Faceless Child wandered down the line, a bucket in hand, giving drinks of cool water from a bronze dipper to those who eagerly awaited thier turn to see if they were worthy of sacrifice or not. Beside him, the old slave Nekalahama, shuffled along carrying a yoke with four extra buckets upon them. Nekalahama had been captured in raid before any of our heroes were born and the thought of him as anything but a slave was alien to them.

The old slave had taught each of them to read, a skill rare outside of Spot's family, braving being killed by having rocks stacked upon his chest to educated the youngsters.

"This sucks. I don't want to be sacrificed to some stupid God." grumbled Burrows, earning a smack across the head from Namala.

"Don't speak heresy. This is for a holy day." Namala growled, bunching up a large fist. "If you keep insulting the Gods, you'll find yourself bent backwards over the altar with your heart being cut out despite your small size." Burrows grumbled, but kept silent.
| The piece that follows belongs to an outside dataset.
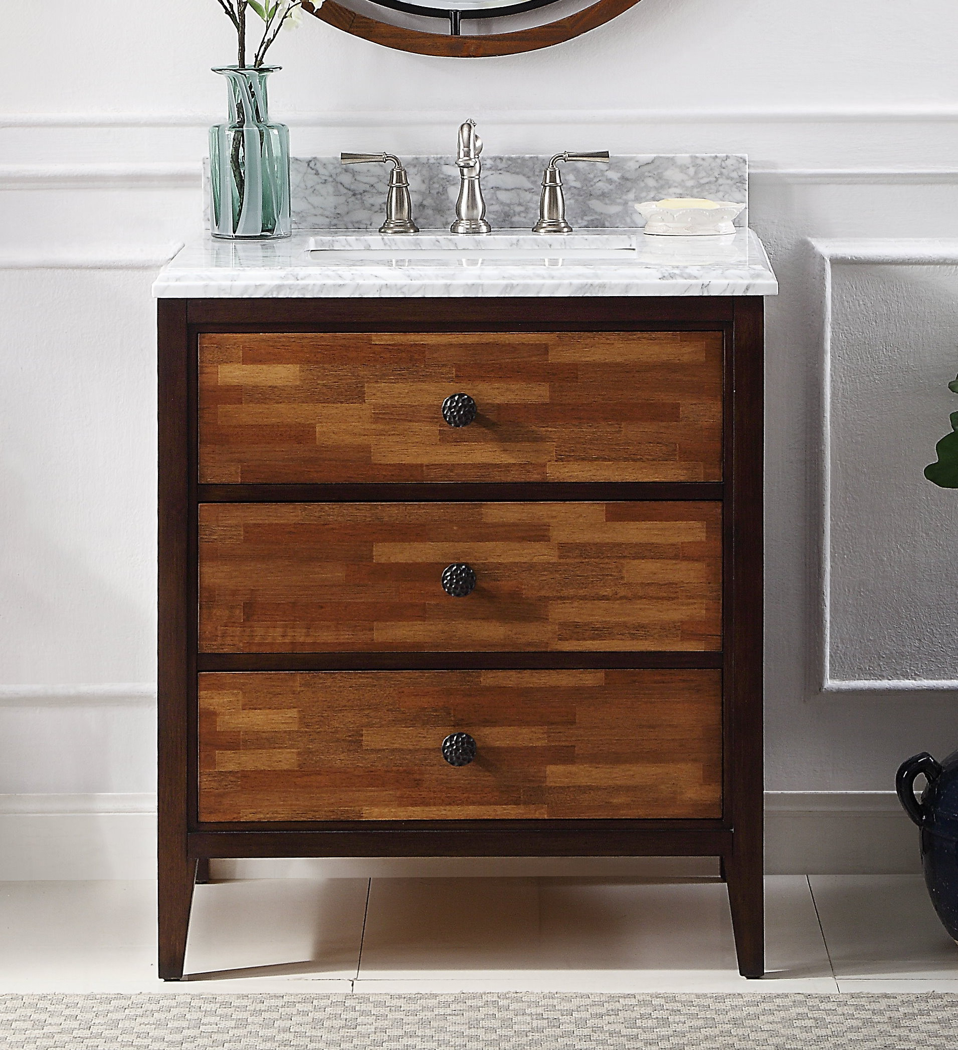 On moreno mob 72 double sink white oak wall mounted modern bathroom vanity with reeinforced acrylic sink. Give an old vanity a fast makeover with fresh paint and repurposed door knockers. A bright orange tile wall is accents the dark stained wooden an orange floor with large scale tiles and white and orange flower tiles plus orange towels for a bright modern bathroom.
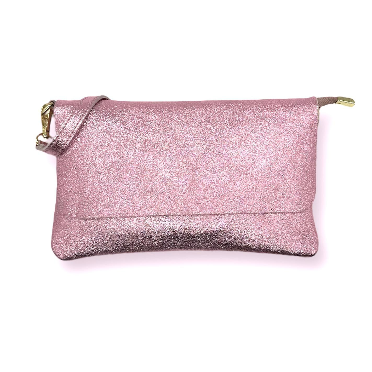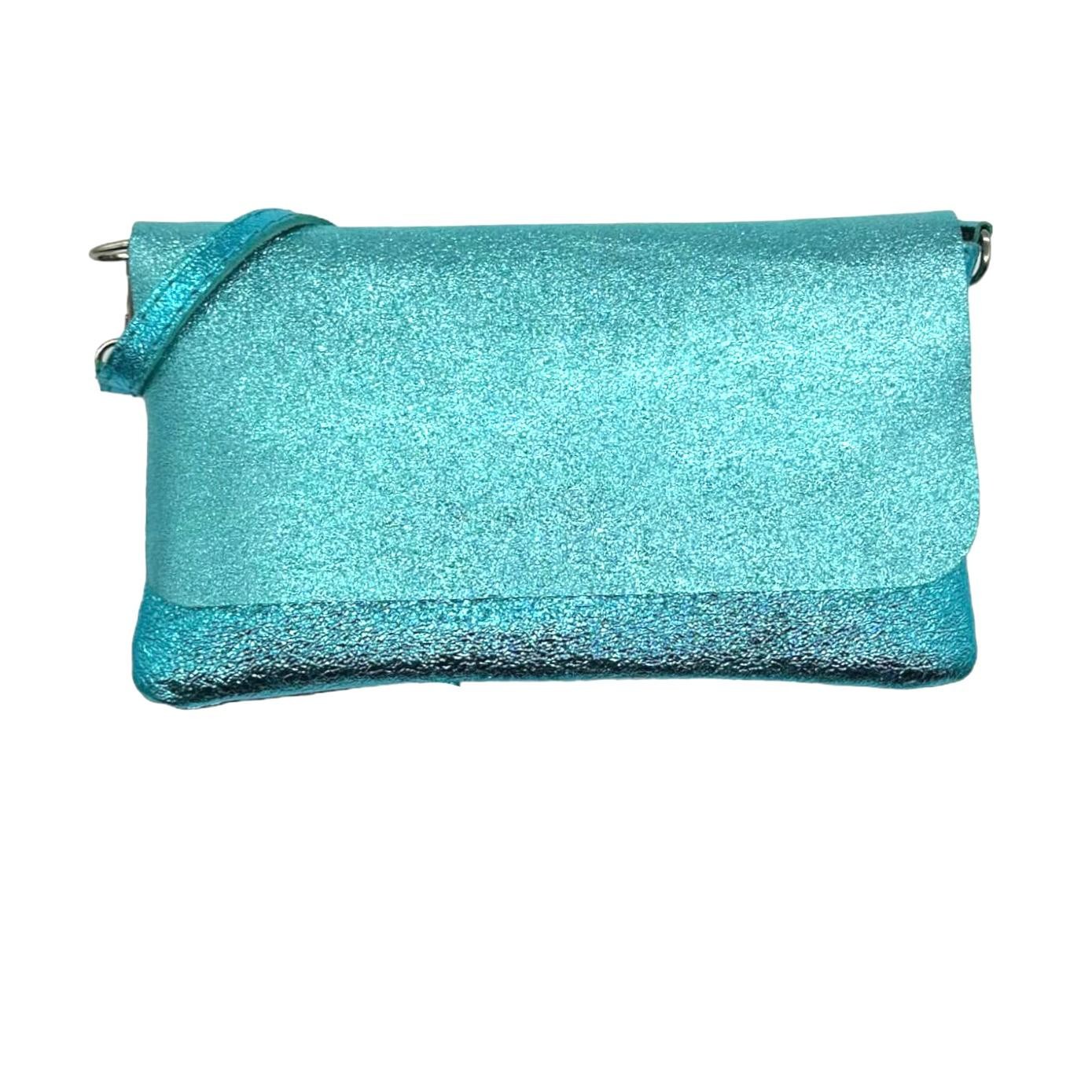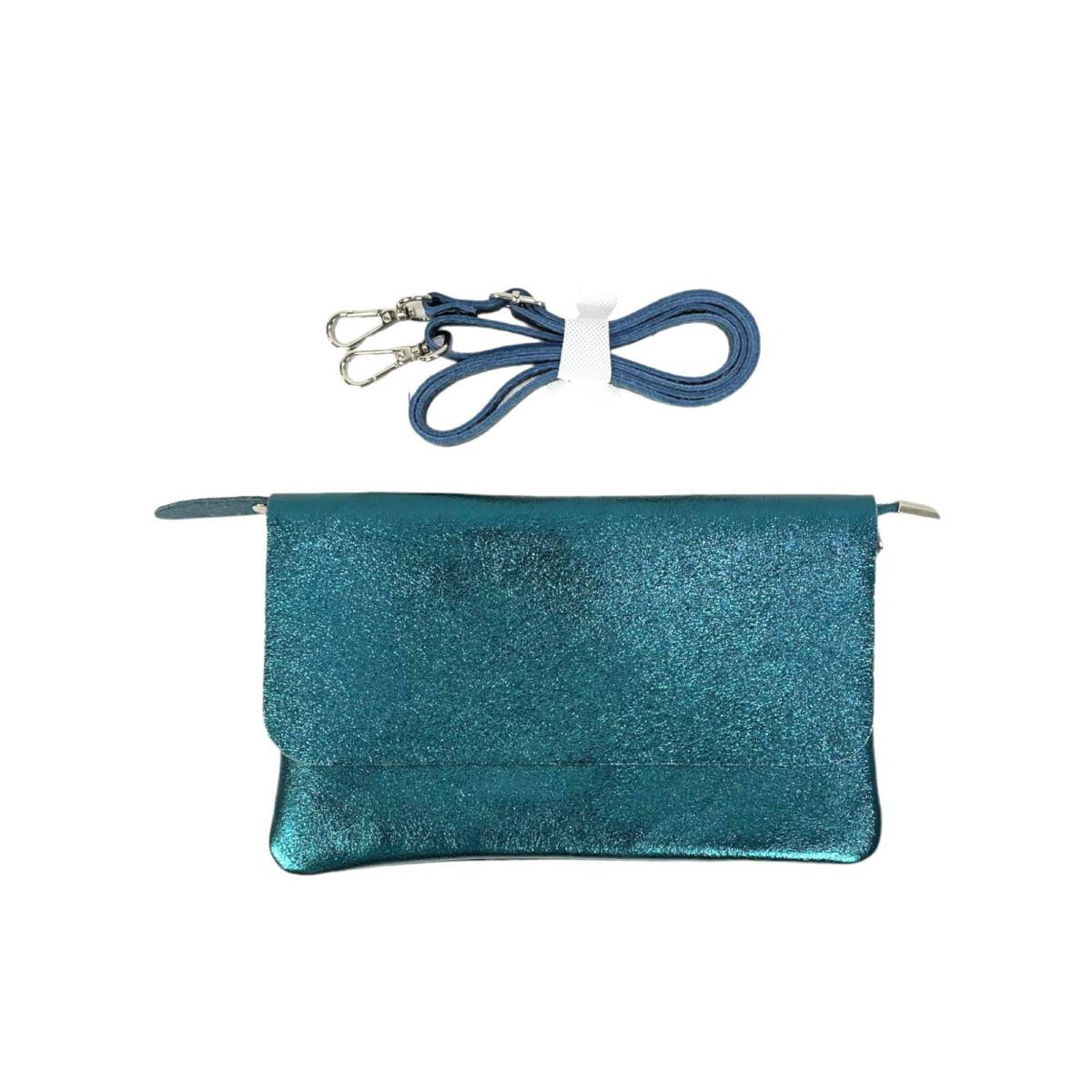 Bolso de Piel metalizado estilo sobre con tira bandolera, solapa y cremallera. Fabricado en Italia.

Child moved to the front of the line in time to see the high priest Tlaztolek exit the examination room, his face flushed with rage, and his daughter following meekly afterwards, a large red handprint across her face and the rune for "Harlot" still bleeding from being carved upon her bare right breast. Quickly watering the supplicants at the beginning of the line, Child hurried back to his friends.

"Spot, you're in trouble." Child whispered in his deep voice, which did not fit his scrawny frame.

"What is Tlaztolek mad about this time? Did I leave my loincloth in his daughter's room?" Spot snickered, smashing a flying, poisonous insect.

"He knows what you did to his daughter. He's marked her as a harlot for all to see." Child answered. Namala looked worried at that.

"We've all covered for you at least once. He's going to want us all killed to purify his duaghter." Namala mused. "Great, we're all marked for death thanks to Spot on Leapord's desires."

"What do we do? There's too many Ruby Jaguars around the gate of the village." Burrows squeaked.

"Follow me." Child said, dropping the bucket and taking the yoke off of Nekalahama and handing each of his friends a bucket. Together, they wandered down to the riverbank, wading waist deep into the water.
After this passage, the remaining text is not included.